At one point we wandered into Lacan’s strange cameo in political history, the 1968 moment when he reminded a group of fiery French student protestors that every revolution, sooner or later, finds a new master. “You will get one,” he said, not as cynicism, but as a kind of truth about human structure. It’s funny because it’s true: we demand freedom, then immediately search for a container to hold the overflow of our own intensity. You don’t have to wear black and smoke Gauloises to get this; you live it every time total freedom starts to feel suspiciously like chaos.
This is what I love about Macario. He brings these abstract ideas back into the room, back into the body, back into the everyday. With him, jouissance isn’t a concept, it’s the familiar too-muchness that shows up in longing, in family life, and in desire.
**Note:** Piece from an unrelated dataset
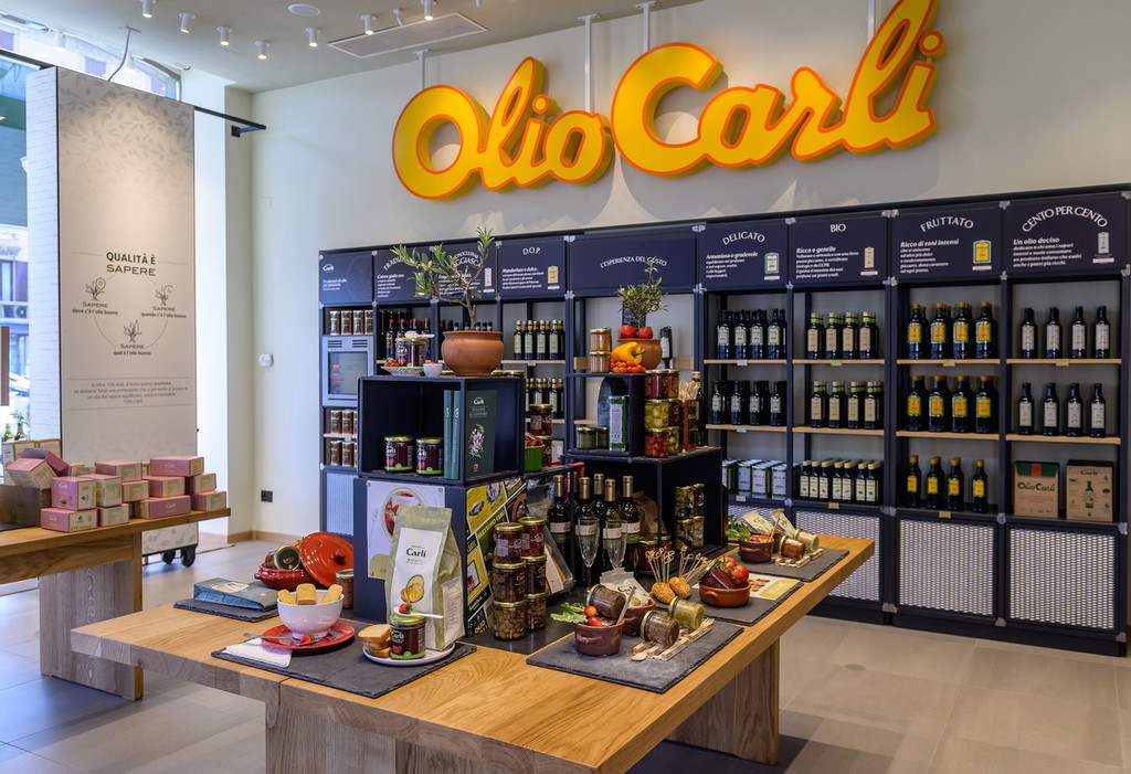 L’Emporio Carli offrirà un vero e proprio viaggio nel gusto: vi si trovano non solo il celebre Olio Carli (di Oliva e Extra Vergine), ma tutti i prodotti e le conserve alimentari della tradizione gastronomica mediterranea come tonno, verdure sott'olio, olive, pesto e sughi pronti, salse, pasta, un’intera gamma Bio, vini, aceti e dolci.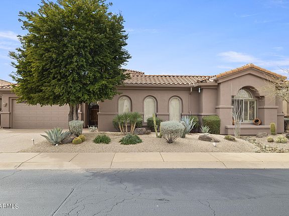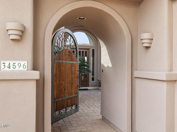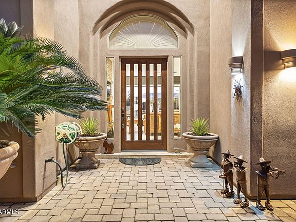 Welcome to this beautiful residence nestled within the prestigious gated community of Legend Trail. This captivating home offers 4 bedrooms and 3.5 bathrooms. As you approach, an inviting iron gate opens to a serene private front courtyard with lush landscape and water feature. As you enter, you'll be greeted by soaring 9+ft ceilings and an abundance of natural light streaming through the windows, offering picturesque views of the backyard oasis. The expansive living features a charming brick fireplace, providing a warm and inviting atmosphere perfect for relaxation or gatherings. Large windows offer views of the sparkling pool, enticing you to unwind and enjoy indoor-outdoor living at its finest. Both the front and back of the home include desert landscaping ideal for low maintenance and lock and leave lifestyle. The kitchen, ideal for culinary enthusiasts, is equipped with a breakfast bar accented by a brick knee wall and pendant lighting, granite countertops, ample white cabinetry, a pantry, and a striking blue kitchen island with a gas cooktop. Stainless steel appliances, including a double wall oven, elevate the functionality of this space, which also includes an eat-in area and a wet bar, making it perfect for entertaining. For more formal gatherings, the home offers a separate dining area with French doors leading to the front courtyard, enhancing the indoor-outdoor flow. Retreat to the luxurious primary bedroom offering expansive windows framing views of the backyard, a dual sink vanity, a separate tub and shower, and a generously sized closet. Additional highlights include a laundry room with more cabinet space for storage and a sink, as well as a split 3-car garage for added convenience. The private backyard area includes a built-in BBQ, fireplace and seating, perfect for outdoor entertaining. Enjoy the covered patio, offering a cool retreat on hot summer days, complete with a ceiling fan and electric awnings. Experience the sought-after amenities of Legend Trail, including golf, a clubhouse, fitness room, pool and spa, pickleball and tennis courts making this home an ideal choice for those seeking the ultimate desert lifestyle!

He renders the complicated stuff human, which might be the rarest gift of all.
Our conversation moved through memory, faith, doubt, grief, and the sheer wildness of becoming who you are. Macario has lived several lives, and somehow, he holds them all with a quiet humor and a sense of gratitude.
This episode is a window into a man who has devoted his life to understanding what moves through us not to control it, not to tame it, but to listen to it. And in listening, to help others hear themselves.
I hope you enjoy this episode. It’s not just an interview. It’s a glimpse into a mind and heart formed by rural Colombia, vows, fear, freedom, love, and the extraordinary thing we call group: a place where we learn, again and again, the peculiar ways we become ourselves.